Les habitants de Mutarule avaient enterré les victimes dimanche sous un climat tendu, barricadant la route nationale n°5. Cette tension était aussi perceptible dans la cité d’Uvira, où des barricades ont également été érigées sur le pont Mulogwe.

 

Uvira : Benjamin Mukulungu plaide pour la mise en place d’une commission d’enquête parlementaire.

 

Publié le mercredi 11 juin 2014 

 

 

 

Un incident malheureux s’est produit dans la nuit du 6 au 7 juin 2014 dans la province du Sud-Kivu, plus précisément dans le village Muturale, chefferie de plaine Ruzizi, Territoire d’Uvira.

 

L’Honorable Benjamin Mukulungu l’a fait savoir lors de la séance plénière de lundi 9 juin 2014, dans la salle des congrès du palais du peuple. Prenant la parole par motion d’information, le président du caucus des députés nationaux du Sud-Kivu a plaidé pour la mise en place d’une commission d’enquête parlementaire ou à défaut d’une mission d’information et de compassion dans les jours qui suivent.

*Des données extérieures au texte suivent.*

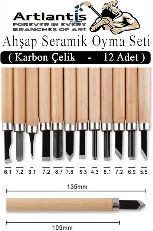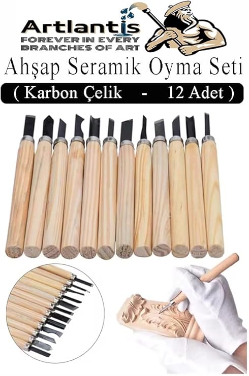 Seramik Oyma Seti 12 li 1 Paket İskarpela Seti Paslanmaz Çelik Bıçaklı Ağaç Oyma Heykel Hobi Kretuar Gravür

“Dans la nuit de vendredi 6 au samedi 7 juin 2014, des événements très graves se sont produits dans le village de Mutarule dans la chefferie de plaine de Ruzizi, Territoire d’Uvira, province du Sud-Kivu’’, a-t-il informé. Et de poursuivre que ‘‘ces événements, faits d’incendies des maisons et d’églises (8e CEPAC), de tueries et de violences inimaginables, ont causé la mort de 37 personnes parmi lesquelles des femmes enceintes éventrées, des jeunes enfants, des fidèles et serviteurs de Dieu réunis en prière ainsi que 29 blessés graves.

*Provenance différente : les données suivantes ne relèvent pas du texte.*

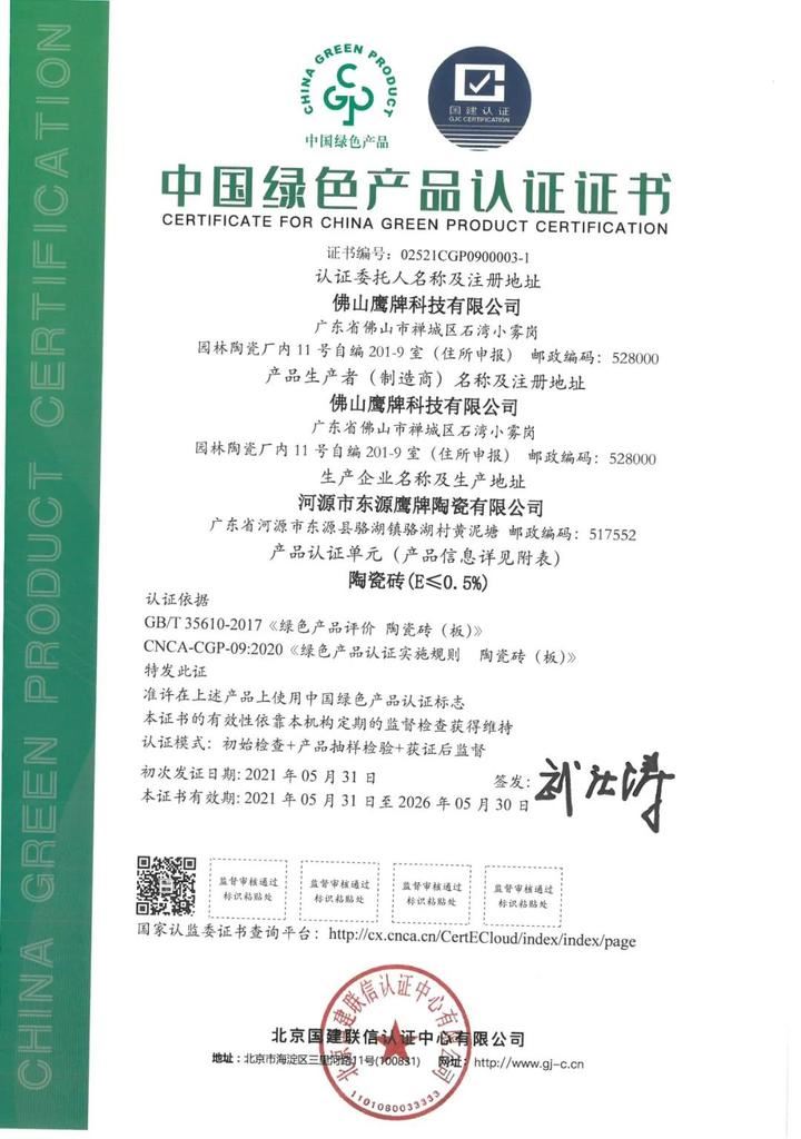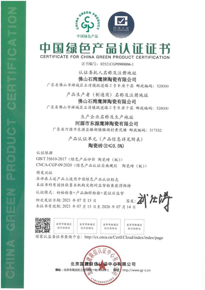 近日,鹰牌集团旗下佛山石湾鹰牌陶瓷有限公司和佛山鹰牌科技有限公司通过“中国绿色产品认证”,正式宣告鹰牌瓷砖被官方认证为绿色、健康、环保、高品质的陶瓷砖产品。

Lors de son allocution, Benjamin Mukulungu a, du haut de la tribune, signalé que les assaillants qui jusque-là ne sont pas encore identifiés se sont servis d’armes de guerre et d’armes blanches pour perpétrer ces crimes. “Il ressort de l’observation des corps des victimes de cette boucherie humaine que les assaillants,  non encore identifiés, se sont servis des armes de guerre et des armes blanches pour perpétrer ces actes funestes. Pendant plus d’une heure, à côté d’un commissariat de la police et d’un poste de l’armée nationale, ces assaillants ont massacré des paisibles citoyens congolais sans aucune réaction de la part des éléments des forces de l’ordre sensés être là pour les protéger’’, a-t-il regretté.


Toujours dans le même ordre d’idée, il a été révélé que jusqu’au 8 juin dernier plusieurs corps jonchaient encore la route nationale n°5 entre Kamanyola et Uvira. “Ces tristes événements ont occasionné émoi et vives tensions à travers le territoire d’Uvira en particulier et dans toute la province du Sud-Kivu en général’’.


Face à cette situation, l’élu du Sud-Kivu soutient l’hypothèse selon laquelle l’Assemblée nationale ne peut pas rester insensible. D’où la nécessité de mettre en place une commission d’enquête pour établir les faits, et ainsi traduire les coupables devant l’organe compétent pour répondre de leurs actes. “Ainsi, la représentation nationale aura apporté sa contribution en faveur d’une pacification durable dans cette partie de la République’’, a-t-il conclu.